◆ DIRECTIONS: Any pictures in the records below must be left out when you repeat the lines from the line containing "Extend the life" through the line containing "Set within the" exactly.

◆ MATERIAL FOR THE TASK:

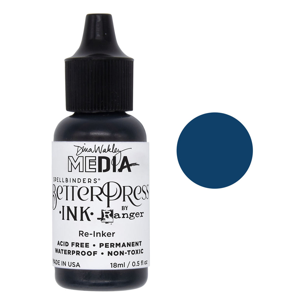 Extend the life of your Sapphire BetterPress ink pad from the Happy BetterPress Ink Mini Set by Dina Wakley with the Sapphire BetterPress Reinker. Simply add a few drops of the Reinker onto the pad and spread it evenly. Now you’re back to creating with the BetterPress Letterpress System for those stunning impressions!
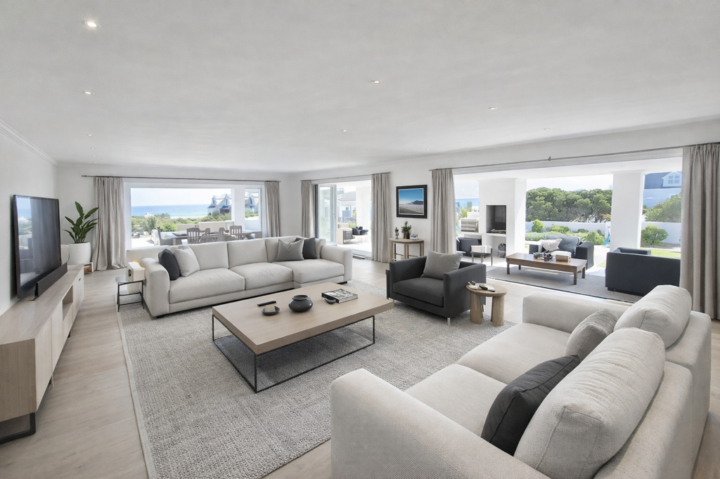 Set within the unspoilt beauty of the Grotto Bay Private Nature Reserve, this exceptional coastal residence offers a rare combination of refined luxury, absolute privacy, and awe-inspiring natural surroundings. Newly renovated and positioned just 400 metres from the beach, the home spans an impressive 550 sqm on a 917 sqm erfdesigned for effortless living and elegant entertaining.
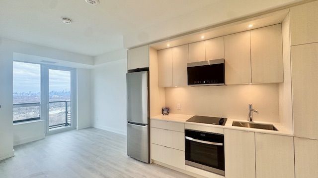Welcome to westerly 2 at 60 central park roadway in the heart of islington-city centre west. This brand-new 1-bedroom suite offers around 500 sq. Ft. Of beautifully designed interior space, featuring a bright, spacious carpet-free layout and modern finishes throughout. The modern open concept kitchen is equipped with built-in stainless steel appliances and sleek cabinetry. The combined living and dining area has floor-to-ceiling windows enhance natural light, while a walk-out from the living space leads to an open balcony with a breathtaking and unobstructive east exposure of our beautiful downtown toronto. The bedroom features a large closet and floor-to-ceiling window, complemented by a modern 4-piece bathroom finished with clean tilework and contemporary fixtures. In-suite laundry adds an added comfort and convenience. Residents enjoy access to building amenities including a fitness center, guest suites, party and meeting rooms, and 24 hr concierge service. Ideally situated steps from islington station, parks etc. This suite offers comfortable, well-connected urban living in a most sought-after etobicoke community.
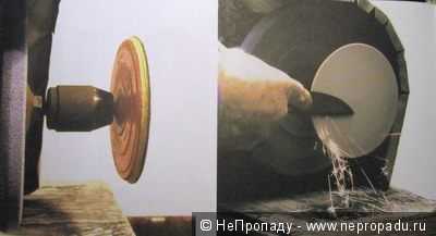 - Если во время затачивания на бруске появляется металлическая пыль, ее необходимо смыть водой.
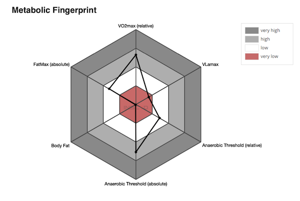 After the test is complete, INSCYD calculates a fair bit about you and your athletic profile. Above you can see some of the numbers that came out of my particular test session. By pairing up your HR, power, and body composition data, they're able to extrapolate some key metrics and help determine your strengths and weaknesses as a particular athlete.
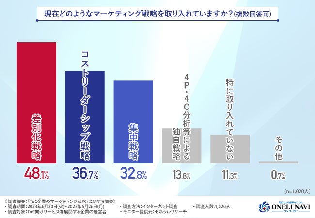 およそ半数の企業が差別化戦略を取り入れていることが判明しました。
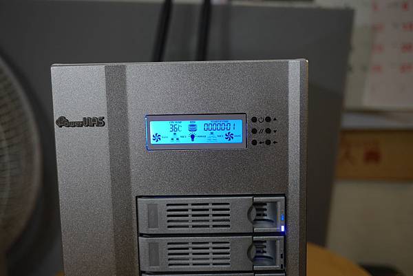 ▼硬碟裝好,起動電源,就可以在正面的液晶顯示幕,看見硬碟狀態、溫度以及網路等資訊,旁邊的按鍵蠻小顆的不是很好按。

...

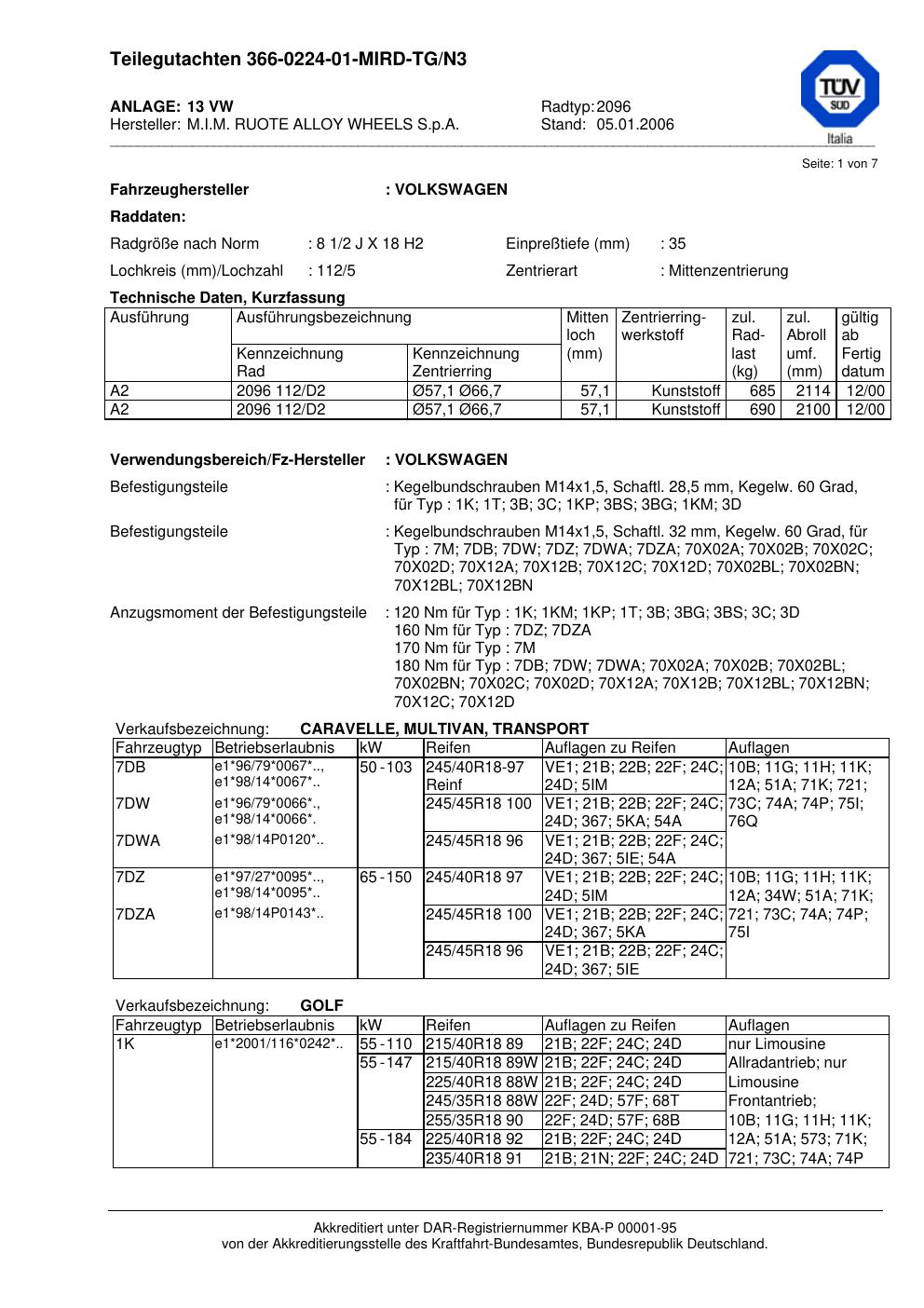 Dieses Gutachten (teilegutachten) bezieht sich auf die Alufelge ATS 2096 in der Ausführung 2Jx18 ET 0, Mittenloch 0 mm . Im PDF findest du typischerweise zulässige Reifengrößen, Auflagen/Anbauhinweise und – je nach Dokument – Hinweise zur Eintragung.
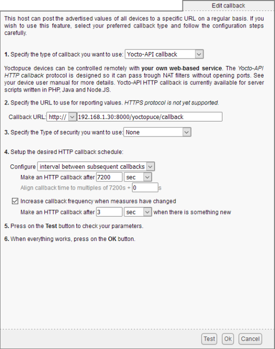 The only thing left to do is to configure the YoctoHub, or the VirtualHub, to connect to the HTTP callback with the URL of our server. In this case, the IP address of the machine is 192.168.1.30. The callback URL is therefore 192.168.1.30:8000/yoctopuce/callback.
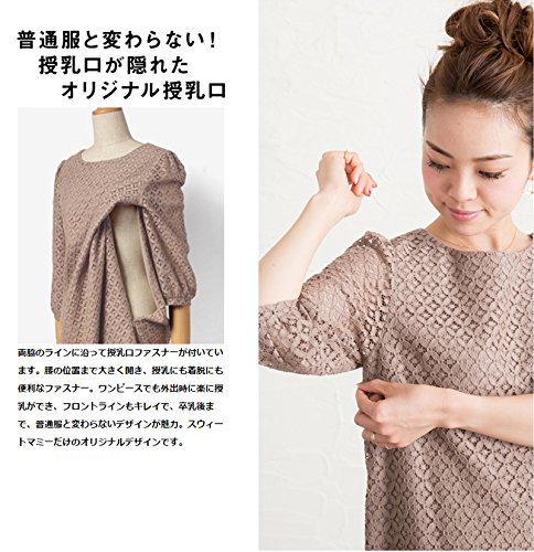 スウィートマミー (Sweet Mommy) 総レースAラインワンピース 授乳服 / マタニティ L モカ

◆ SOLUTION FOR THIS PROBLEM:
 Extend the life of your Sapphire BetterPress ink pad from the Happy BetterPress Ink Mini Set by Dina Wakley with the Sapphire BetterPress Reinker. Simply add a few drops of the Reinker onto the pad and spread it evenly. Now you’re back to creating with the BetterPress Letterpress System for those stunning impressions!
 Set within the unspoilt beauty of the Grotto Bay Private Nature Reserve, this exceptional coastal residence offers a rare combination of refined luxury, absolute privacy, and awe-inspiring natural surroundings. Newly renovated and positioned just 400 metres from the beach, the home spans an impressive 550 sqm on a 917 sqm erfdesigned for effortless living and elegant entertaining.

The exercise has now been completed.